Еще часа через два хода вода вдруг вырвалась из-под камней. Чистая, отфильтрованная толщей осыпи, вкусная. Лежа долго пили. А когда- поднялись, увидели, что рядом стоят двое парней и смотрят на нас с интересом, а на Лешину кобуру — с опасением. Мы за питьем и не услышали, как они подошли. Парни сказали, что кишлак Гушхон совсем рядом, только из-за пыли его не видно. Потом они пошли вверх, а мы — вниз.
В кишлаке нас напоили чаем в первом же доме. После чаепития мы поговорили с хозяином о жизни, а потом перешли мост и вышли на правый берег, прямо в сады районного центра Ванч. Было 18 часов 14 июня. В чайхане сидели почвоведы. Мой приход в срок они приняли как нечто само собой разумеющееся.
Леша отнес Муроду чугурчук и утром укатил в Душанбе на машине геологической экспедиции, а я отправил в Ботанический сад телеграмму и двинулся с почвоведами вверх по долине намечать совместные профили. До моего возвращения из Душанбе почвоведы решили отрабатывать свои объекты без меня.
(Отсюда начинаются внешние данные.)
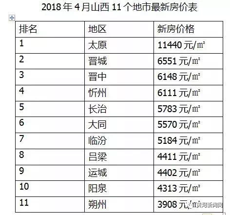 数据显示,11个地市中,房价较高为太原,已经突破了1万元,较低的为朔州。大家快看看自己家乡的房价能排第几吧!
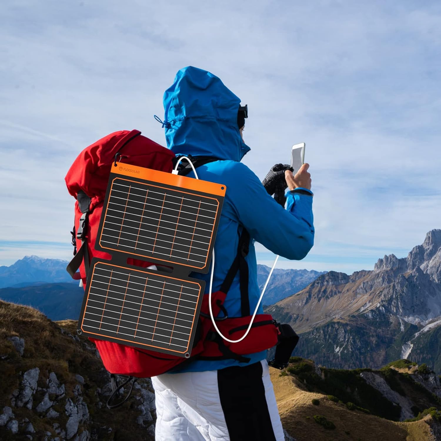 【Smart Charging Sun Power Panels】Integrated IC automatically make the auto-restart function which allows consistent charging becomes reality even when moving in or out of the shadow and detects the connected devices and provides the optimized charging, and an included LED light shows the charging status. The red light is on and means that solar panel is normal and you can chage your devices. FlexSolar ensure safe charging with overcurrent, overheating and short-circuit protection.
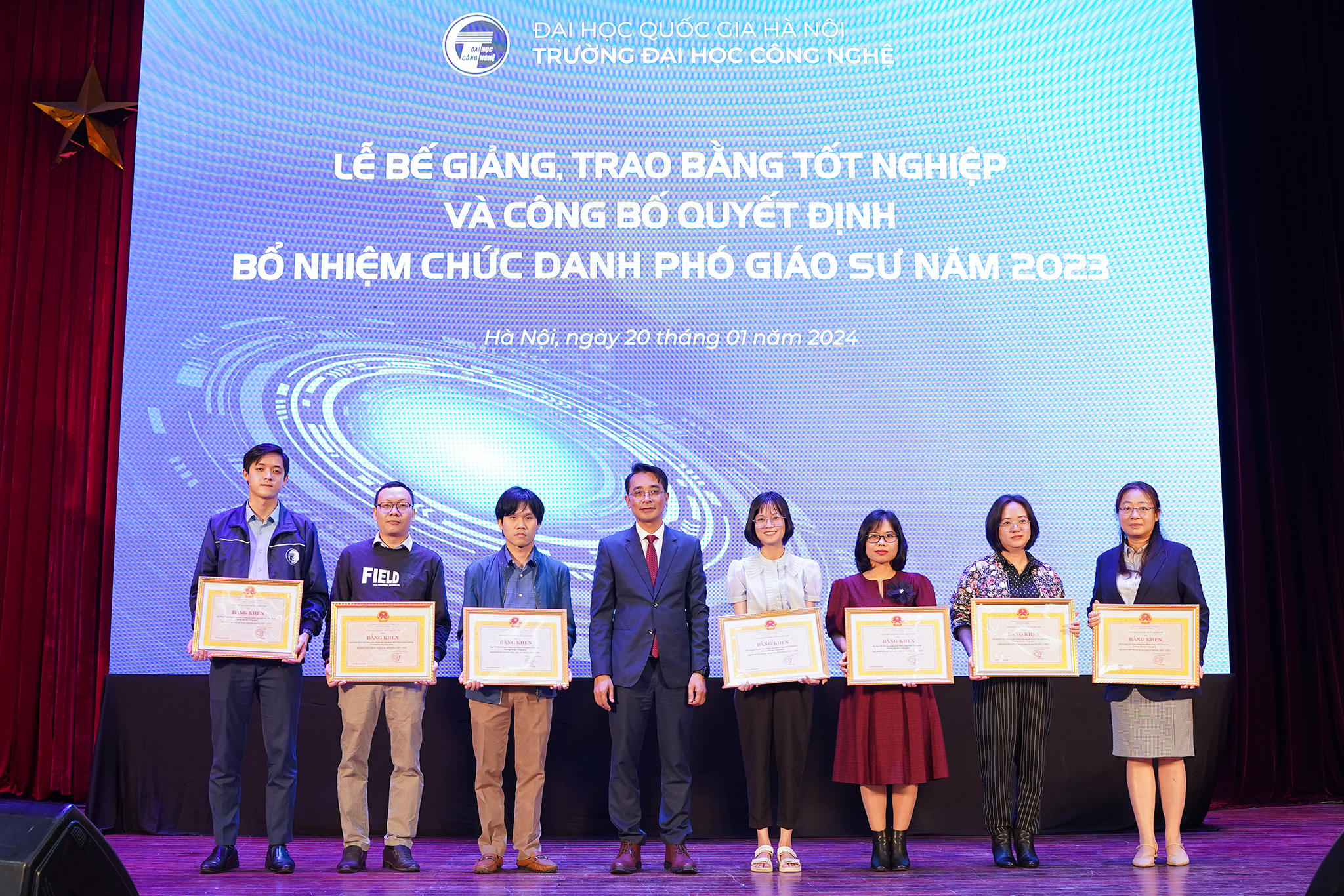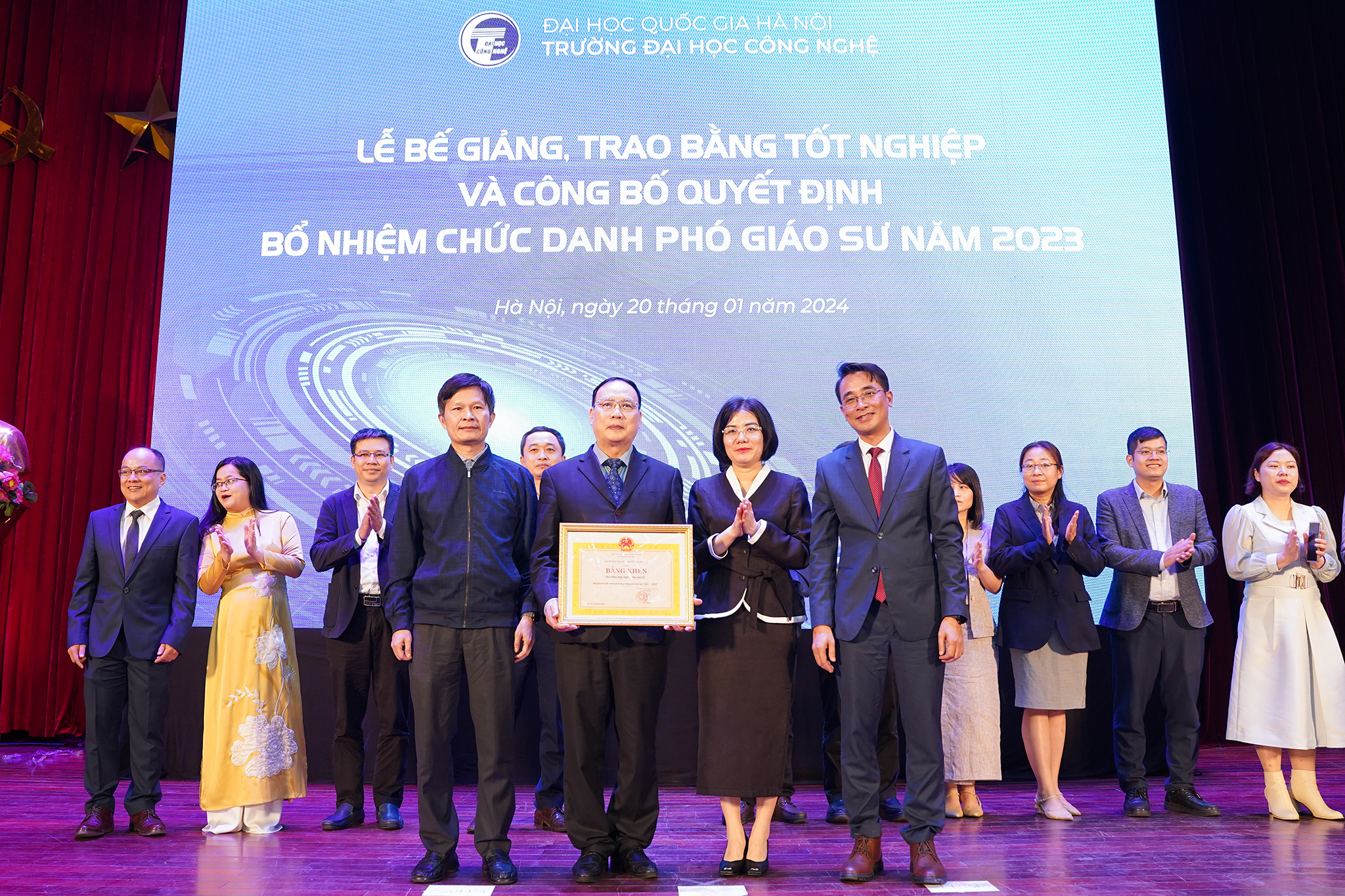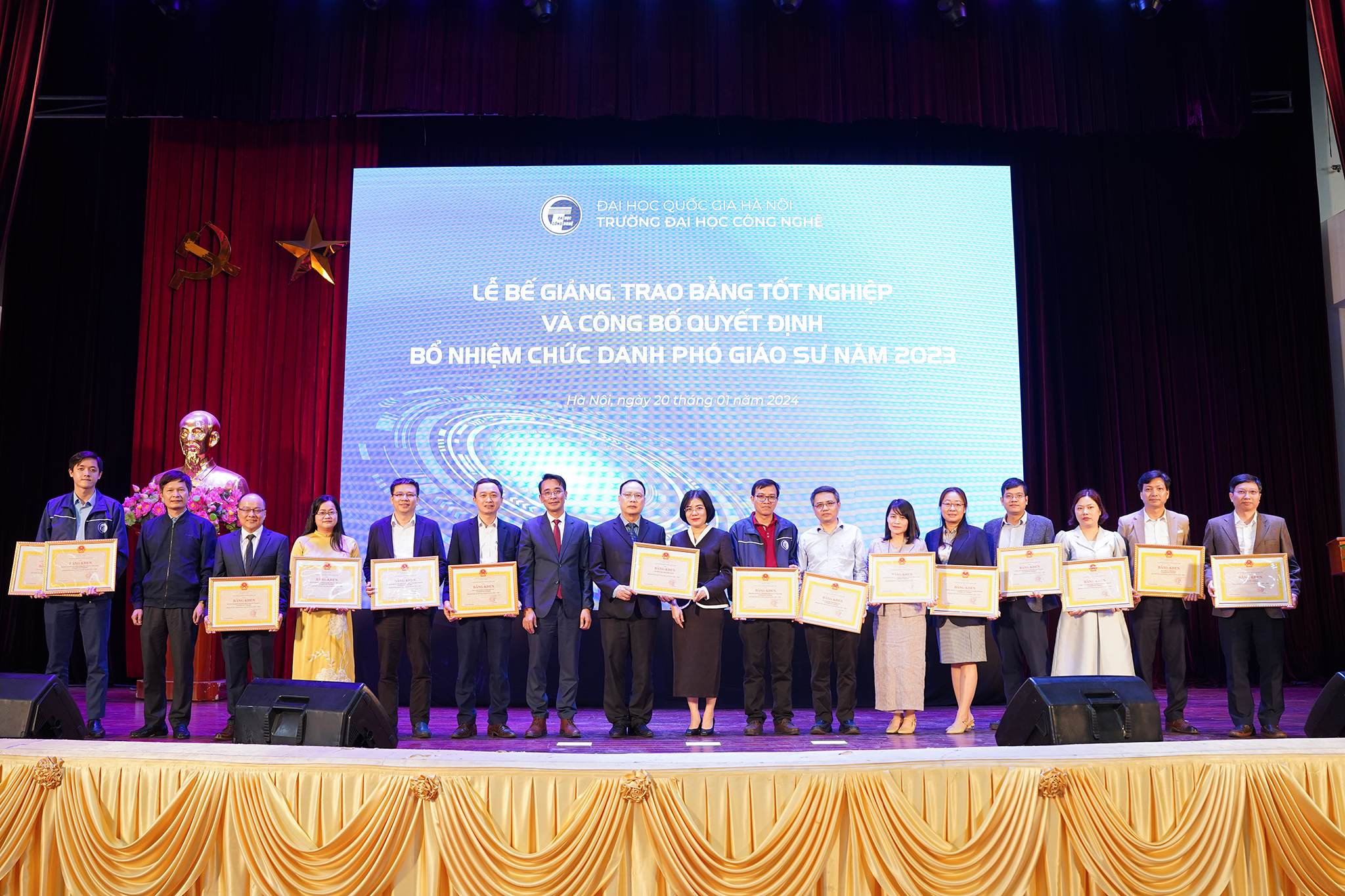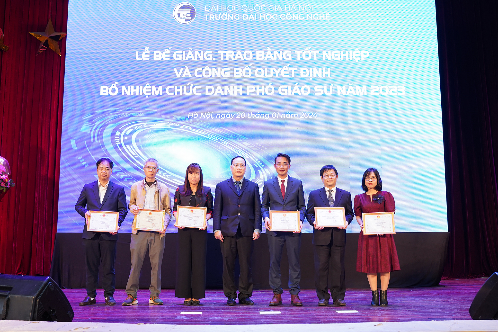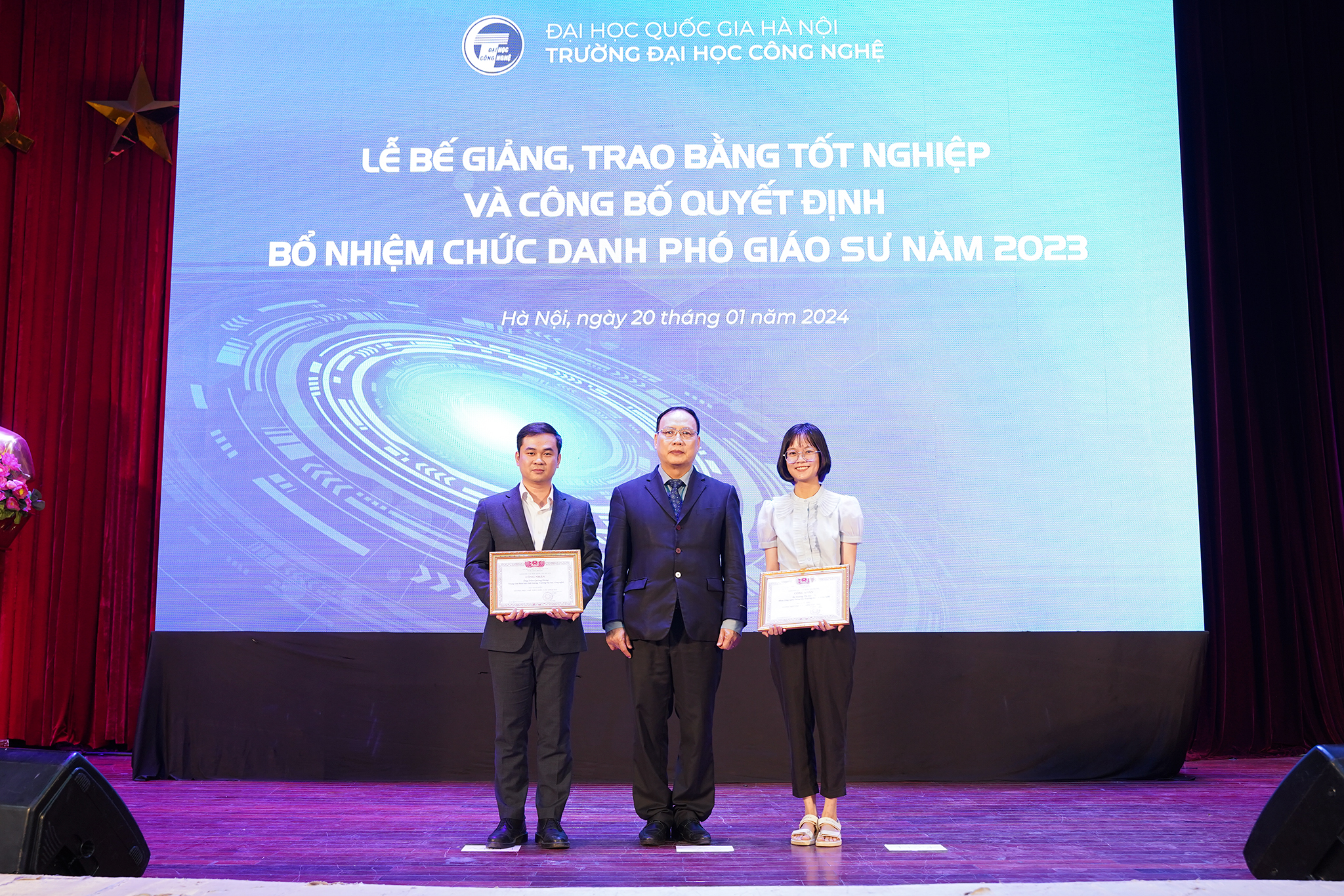 Ngày 20/1/2024, Trường Đại học Công nghệ – ĐHQGHN (UET-VNU) đã long trọng tổ chức Lễ bế giảng và trao bằng tốt nghiệp đợt 2 năm 2023 cho các tân Tiến sĩ, Thạc sĩ, Kỹ sư và Cử nhân, đồng thời công bố các Quyết định bổ nhiệm chức danh Phó Giáo sư năm 2023 tại Hội trường Nguyễn Văn Đạo – ĐHQGHN.
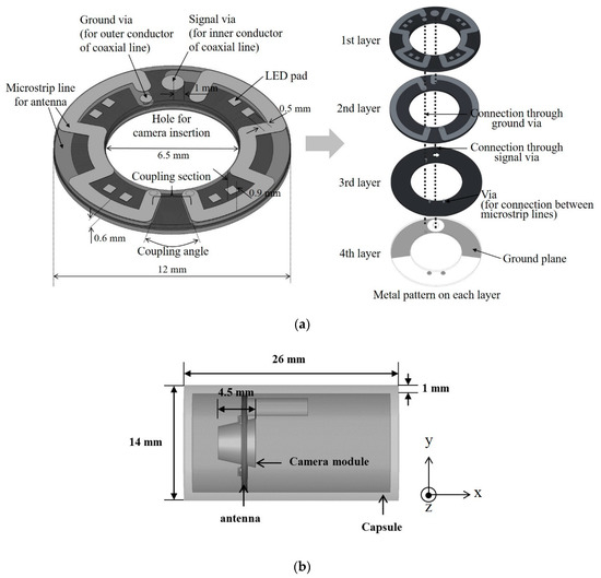 Generally, in capsule endoscopes, the antenna and camera have to be located on opposite sides of the capsule so as to prevent the antenna radiation from interfering with the camera recording. The proposed antenna offers a solution to this layout limitation by enabling the accommodation of both components on the same side. To this end, the structure of the proposed antenna has the following two features: a hole for camera insertion and a meandered line for securing LEDs. As shown in Figure 1a, the antenna substrate has a circular hole at the center, through which the capsule endoscope’s camera is inserted. After the assembly of all of the components, the camera is integrated at the center of the antenna facing outward. Owing to the camera hole, the antenna can be located on the same side as the camera, without obstructing the camera’s view. The microstrip lines on the first layer are meandered around the camera hole to effectively minimize the antenna size. Another advantage of the meandered line is that it provides space for the insertion of LEDs to illuminate the digestive tract during endoscope operation. The LEDs can be mounted in the empty spaces between the meandered lines. The metal pads for LED attachment are located next to the lines, as shown in Figure 1a.
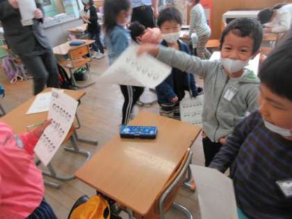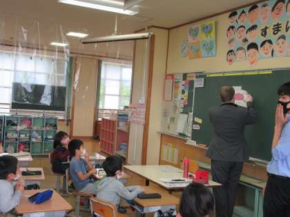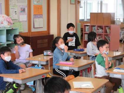2年生になって初めての外国語の学習をしました。挨拶と色の名前を覚えました。普段やっていない外国語の授業は新鮮で、とても楽しそうでした。
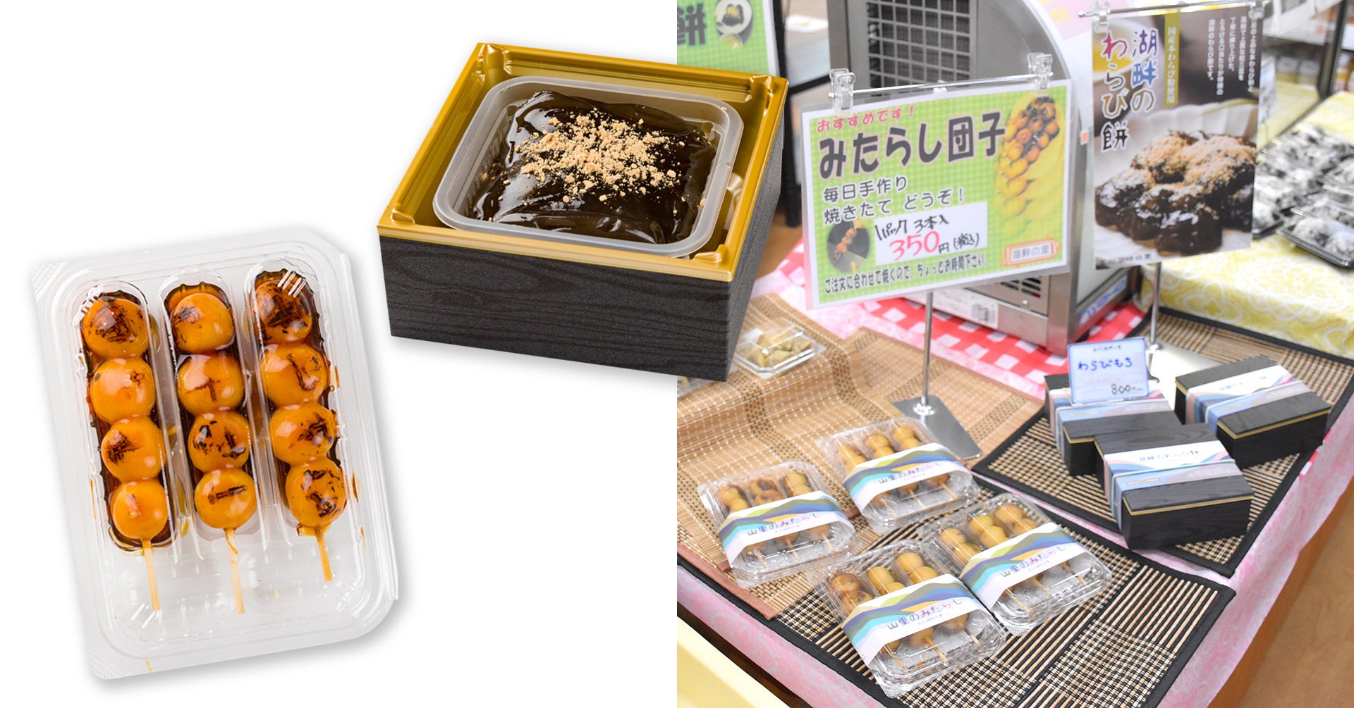 「山里のみたらし」と「湖畔のわらび餅」を店内製造
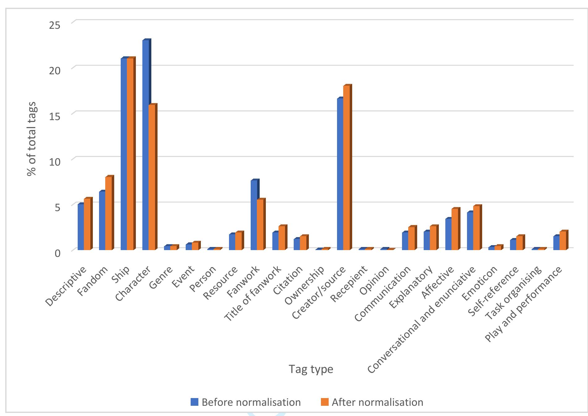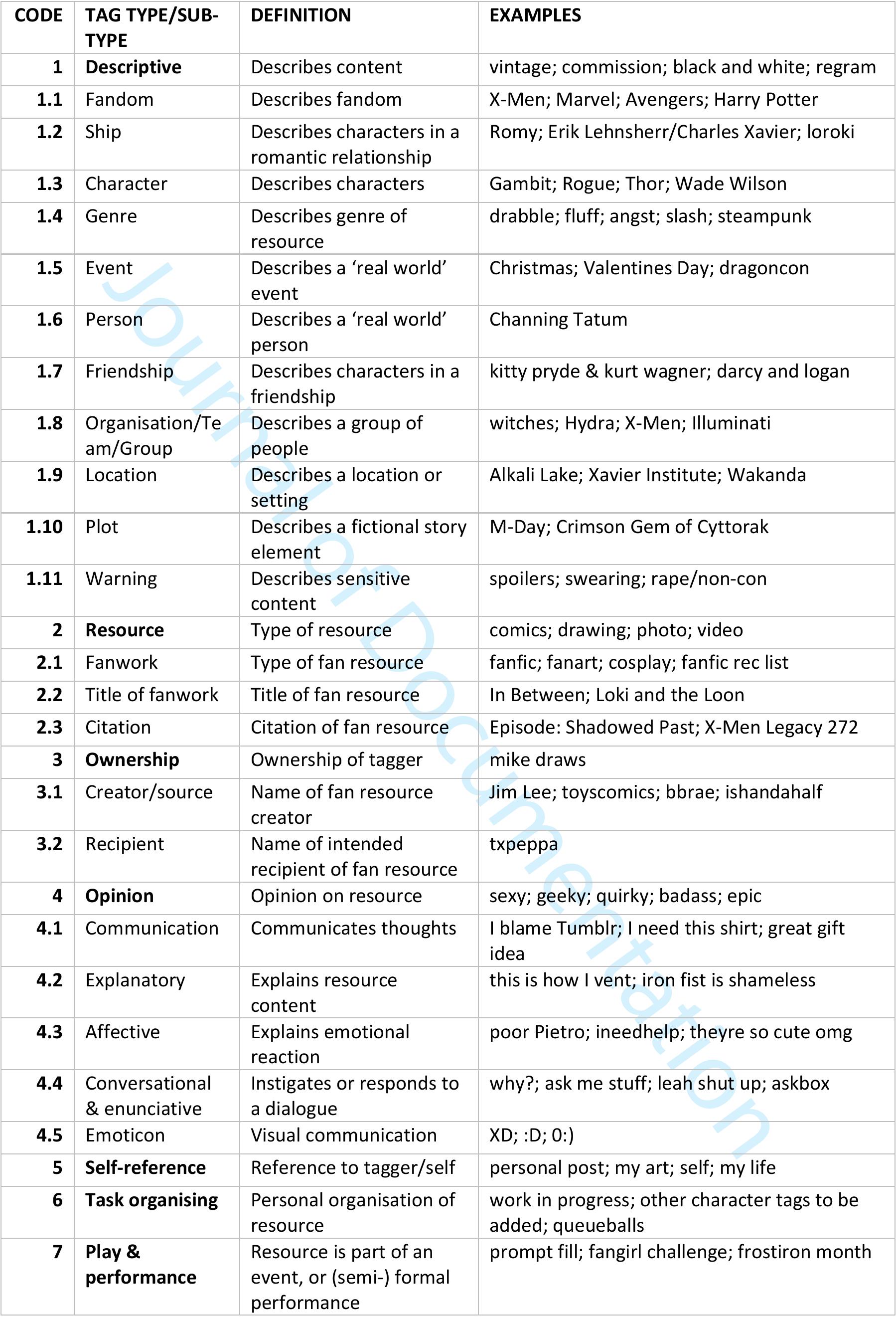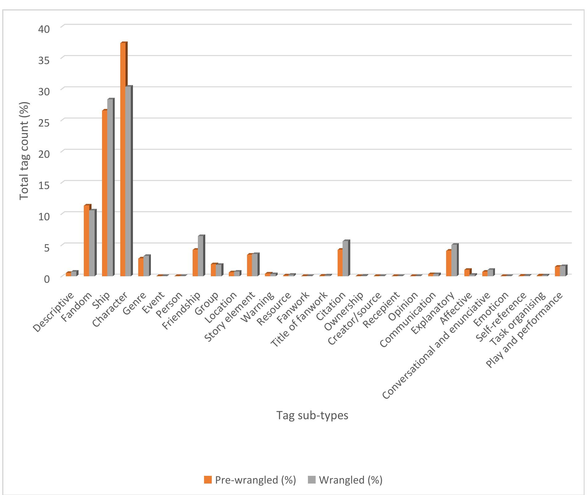 Findings: These showed that fans used tags in a variety of ways quite apart from classification purposes. These included tags being used on Tumblr as meta-commentary and a means of dialogue between users, as well as expressors of emotion and affect towards posts. On AO3 in particular, fans had developed a practice called “tag wrangling” to mitigate the inherent “messiness” of tagging. Evidence was also found of a “hybrid market economy” on Etsy fan stores. From the study findings, a taxonomy of fan-related tags was developed.

Спустя три дня я вернулся в райцентр от ледника Медвежьего, где изрядно померз. До встречи с Юсуфбековым в Душанбе осталось двое суток. Вполне достаточный срок: можно доехать и за сутки.
Выезжать я решил утром 18-го и в принципе уже договорился с шофером попутной машины. Впереди был целый вечер, и я решил зайти в районную больницу к своему давнему приятелю — главному врачу.
«Афганец» пошел на убыль, мгла стала пожиже. Но во что превратился роскошный сад больницы! Листья грецких орехов, яблонь и тутовника пожухли и покрылись слоем пыли. Часть больных размещалась на койках прямо в саду, и пыль легла на подушки и пододеяльники. Я застал врача за спором с сестрой-хозяйкой, не желавшей менять белье досрочно. Увидев меня, главврач откровенно обрадовался, с облегчением оставил бесполезный спор и повел меня к себе домой, тут же при больнице. За ужином я сказал ему, что с удовольствием отосплюсь у него в саду на свободной койке, так как за последнюю неделю я систематически недосыпал, а завтра утром еду в Душанбе попутной машиной.
— Зачем же машиной? — сказал главврач. — Можно и самолетом. У меня есть самолет санавиации, и как раз завтра он летит в Душанбе.
— Здорово! А погода как же? — спросил я.